Set down exactly the lines below, starting at the one that contains "10月24日 鉄筋工事がほぼ完了しました! この状態で(財)住宅保証機構さんが鉄筋検査に来てくれます。" and ending at the one that contains "在欢快的音乐伴奏下,来自五湖", with both of those lines included and nothing else.

Material to process

+ + +

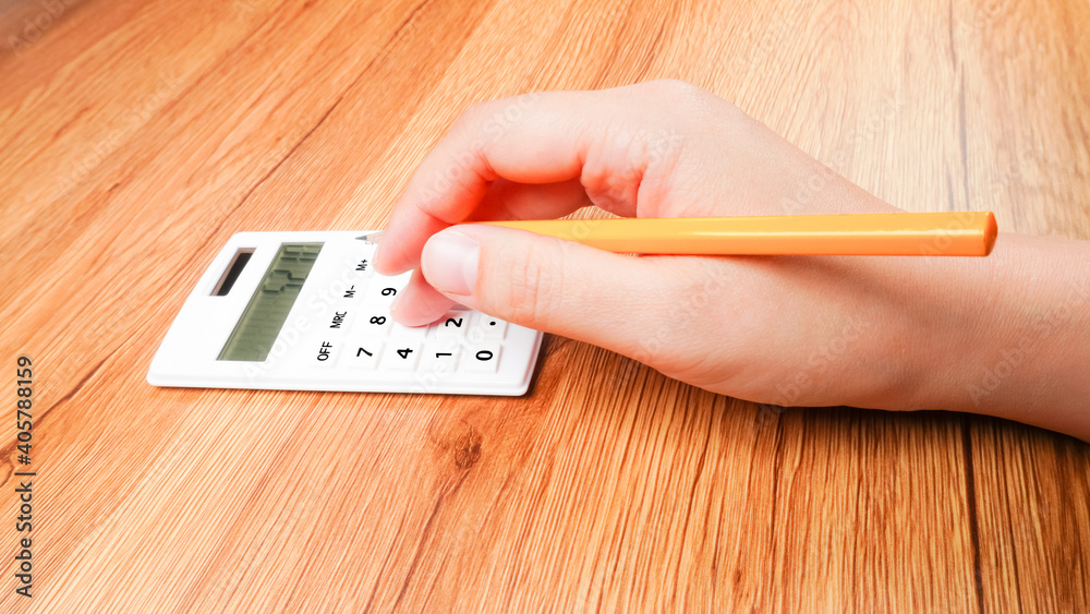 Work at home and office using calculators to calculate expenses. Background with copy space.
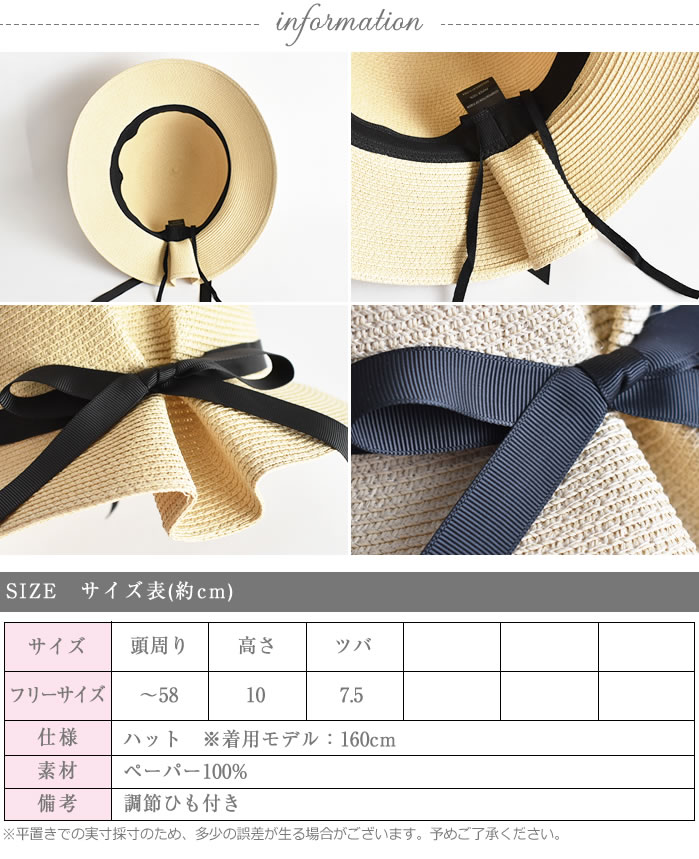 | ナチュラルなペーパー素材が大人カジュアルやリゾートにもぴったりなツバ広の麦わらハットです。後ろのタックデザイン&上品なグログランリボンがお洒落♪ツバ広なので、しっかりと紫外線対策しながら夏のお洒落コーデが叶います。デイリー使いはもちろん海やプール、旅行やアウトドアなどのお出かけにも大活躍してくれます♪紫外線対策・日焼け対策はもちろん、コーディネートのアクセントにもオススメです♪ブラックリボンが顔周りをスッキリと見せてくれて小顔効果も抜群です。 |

+ + +

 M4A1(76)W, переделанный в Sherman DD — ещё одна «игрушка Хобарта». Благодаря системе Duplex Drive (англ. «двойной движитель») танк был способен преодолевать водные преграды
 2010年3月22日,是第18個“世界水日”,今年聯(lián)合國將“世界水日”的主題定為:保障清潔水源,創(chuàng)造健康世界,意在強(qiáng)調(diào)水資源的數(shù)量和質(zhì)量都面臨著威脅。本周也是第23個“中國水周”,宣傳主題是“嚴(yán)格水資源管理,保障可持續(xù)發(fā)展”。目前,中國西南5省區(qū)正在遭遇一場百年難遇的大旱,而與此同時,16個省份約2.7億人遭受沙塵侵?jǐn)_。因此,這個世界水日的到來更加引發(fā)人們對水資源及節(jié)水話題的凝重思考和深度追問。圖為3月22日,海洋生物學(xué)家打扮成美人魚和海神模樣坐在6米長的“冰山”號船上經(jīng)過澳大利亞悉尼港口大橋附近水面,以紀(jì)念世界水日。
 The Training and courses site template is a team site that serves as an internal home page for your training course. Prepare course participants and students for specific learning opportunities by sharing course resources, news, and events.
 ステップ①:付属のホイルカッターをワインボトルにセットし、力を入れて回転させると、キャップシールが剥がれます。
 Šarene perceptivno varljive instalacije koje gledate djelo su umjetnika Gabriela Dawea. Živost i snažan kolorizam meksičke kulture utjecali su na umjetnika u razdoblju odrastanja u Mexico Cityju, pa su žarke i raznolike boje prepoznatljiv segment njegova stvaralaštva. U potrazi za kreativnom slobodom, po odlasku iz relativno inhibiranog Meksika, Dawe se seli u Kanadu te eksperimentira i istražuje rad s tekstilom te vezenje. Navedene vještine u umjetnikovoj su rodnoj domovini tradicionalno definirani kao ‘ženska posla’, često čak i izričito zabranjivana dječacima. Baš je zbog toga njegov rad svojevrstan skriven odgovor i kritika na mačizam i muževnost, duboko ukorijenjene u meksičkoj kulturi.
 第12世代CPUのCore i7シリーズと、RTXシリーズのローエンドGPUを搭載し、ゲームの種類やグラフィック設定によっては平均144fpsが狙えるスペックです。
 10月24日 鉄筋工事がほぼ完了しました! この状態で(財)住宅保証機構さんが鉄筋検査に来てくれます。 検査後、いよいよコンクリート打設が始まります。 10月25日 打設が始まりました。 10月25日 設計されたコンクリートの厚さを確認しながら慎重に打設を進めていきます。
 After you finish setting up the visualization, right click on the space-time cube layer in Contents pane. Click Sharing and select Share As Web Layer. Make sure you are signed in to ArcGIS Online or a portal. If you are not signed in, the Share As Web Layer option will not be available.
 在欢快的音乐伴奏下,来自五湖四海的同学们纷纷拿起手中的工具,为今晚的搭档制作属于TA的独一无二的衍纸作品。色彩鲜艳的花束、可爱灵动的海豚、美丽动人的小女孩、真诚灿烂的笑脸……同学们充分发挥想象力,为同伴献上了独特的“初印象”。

+ + +

Result of the task
 10月24日 鉄筋工事がほぼ完了しました! この状態で(財)住宅保証機構さんが鉄筋検査に来てくれます。 検査後、いよいよコンクリート打設が始まります。 10月25日 打設が始まりました。 10月25日 設計されたコンクリートの厚さを確認しながら慎重に打設を進めていきます。
 After you finish setting up the visualization, right click on the space-time cube layer in Contents pane. Click Sharing and select Share As Web Layer. Make sure you are signed in to ArcGIS Online or a portal. If you are not signed in, the Share As Web Layer option will not be available.
 在欢快的音乐伴奏下,来自五湖四海的同学们纷纷拿起手中的工具,为今晚的搭档制作属于TA的独一无二的衍纸作品。色彩鲜艳的花束、可爱灵动的海豚、美丽动人的小女孩、真诚灿烂的笑脸……同学们充分发挥想象力,为同伴献上了独特的“初印象”。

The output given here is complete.